Risiko cedera

Risiko cedera merupakan diagnosis keperawatan yang didefinisikan sebagai berisiko mengalami bahaya atau kerusakan fisik yang menyebabkan seseorang tidak lagi sepenuhnya sehat atau dalam kondisi baik.

Diagnosis ini diberi kode D.0136, masuk dalam kategori lingkungan, subkategori keamanan dan proteksi dalam Standar Diagnosis Keperawatan Indonesia (SDKI).

Dalam artikel ini, kita akan belajar diagnosis keperawatan risiko cedera secara komprehensif, namun dengan Bahasa sederhana agar lebih mudah dimengerti.

Kita akan mempelajari faktor risiko yang harus muncul untuk dapat mengangkat diagnosis ini, bagaimana cara menulis diagnosis dan luaran, serta memilih intervensi utamanya.

Baca seluruh artikel atau lihat bagian yang anda inginkan pada daftar isi berikut:

Faktor Risiko

Faktor risiko adalah kondisi atau situasi yang dapat meningkatkan kerentanan pasien mengalami masalah Kesehatan.

Faktor risiko inilah yang digunakan oleh Perawat untuk mengisi bagian “dibuktikan dengan ….” pada struktur diagnosis keperawatan risiko.

Faktor risiko untuk masalah risiko cedera terbagi menjadi faktor risiko eksternal dan faktor risiko internal.

Faktor risiko eksternal cedera:

  1. Terpapar patogen
  2. Terpapar zat kimia toksik
  3. Terpapar agen nosokomial
  4. Ketidakamanan transportasi

Faktor risiko internal cedera:

  1. Ketidaknormalan profil darah
  2. Perubahan orientasi afektif
  3. Perubahan sensasi
  4. Disfungsi autoimun
  5. Disfungsi biokimia
  6. Hipoksia jaringan
  7. Kegagalan mekanisme pertahanan tubuh
  8. Malnutrisi
  9. Perubahan fungsi psikomotor
  10. Perubahan fungsi kognitif

Penulisan Diagnosis

Diagnosis ini merupakan diagnosis keperawatan risiko, yang berarti penulisannya menggunakan metode dua bagian, yaitu:

[masalah] + [faktor risiko]

Sehingga contoh penulisannya menjadi seperti ini:

Risiko cedera dibuktikan dengan terpapar agen nosokomial

Atau bila rumusannya kita disederhanakan, maka dapat menjadi:

Risiko cedera d.d terpapar agen nosokomial

Perhatikan:

  1. Masalah = Risiko cedera
  2. Faktor risiko = terpapar agen nosokomial
  3. d.d = dibuktikan dengan
  4. Diagnosis risiko tidak menggunakan berhubungan dengan (b.d) karena tidak memiliki etiologi.

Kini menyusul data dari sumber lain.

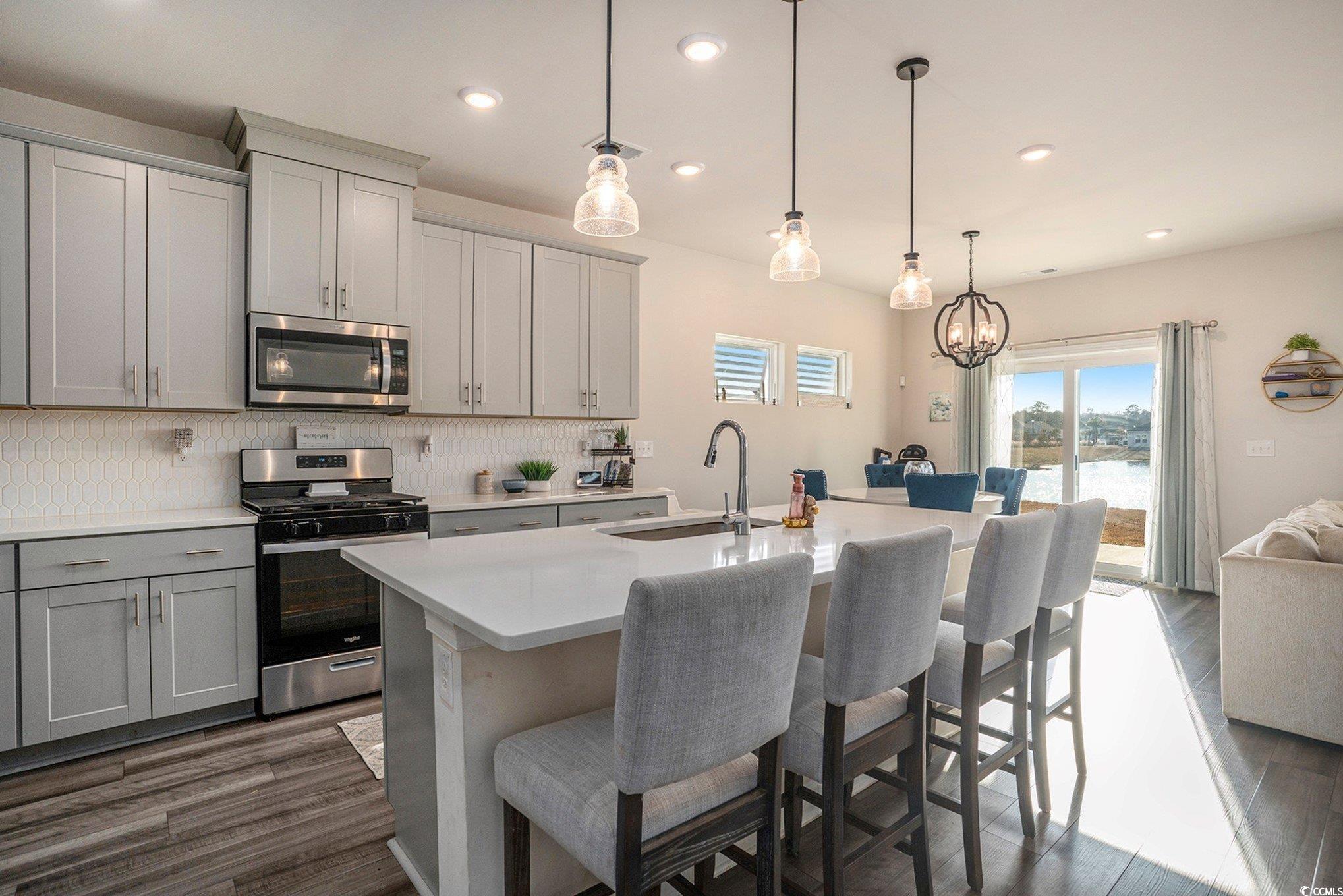 Located in the desirable Clear Pond community, this stunning newer home built in 2023 offers 5 bedrooms and 3 full baths with beautiful finishes throughout. The home features a formal dining room and a cook’s kitchen with quartz countertops, stainless steel appliances, gas range, large pantry, and coastal-colored luxury vinyl flooring. Quality carpet is featured throughout the home, adding comfort to the living spaces and bedrooms. The spacious primary suite includes an expansive walk-in closet, a beautifully finished primary bath, and a private balcony overlooking the serene lake. Additional highlights include a large loft area, oversized laundry room, water softener, tankless water heater, expanded driveway, and professionally landscaped yard. Residents of Clear Pond enjoy access to a recreational center, kids’ playground, and two community pools. Thoughtfully designed and well maintained, this home offers space, comfort, and style in a picturesque setting.

Pelajari lebih rinci pada: “Cara menulis diagnosis keperawatan sesuai SDKI.”

Luaran (HYD)

Dalam Standar Luaran Keperawatan Indonesia (SLKI), luaran utama untuk diagnosis risiko cedera adalah “tingkat cedera menurun”.

Luaran tingkat cedera menurun diberi kode L.14136 dalam SLKI.

Tingkat cedera menurun berarti menurunnya keparahan dari cedera yang diamati atau dilaporkan.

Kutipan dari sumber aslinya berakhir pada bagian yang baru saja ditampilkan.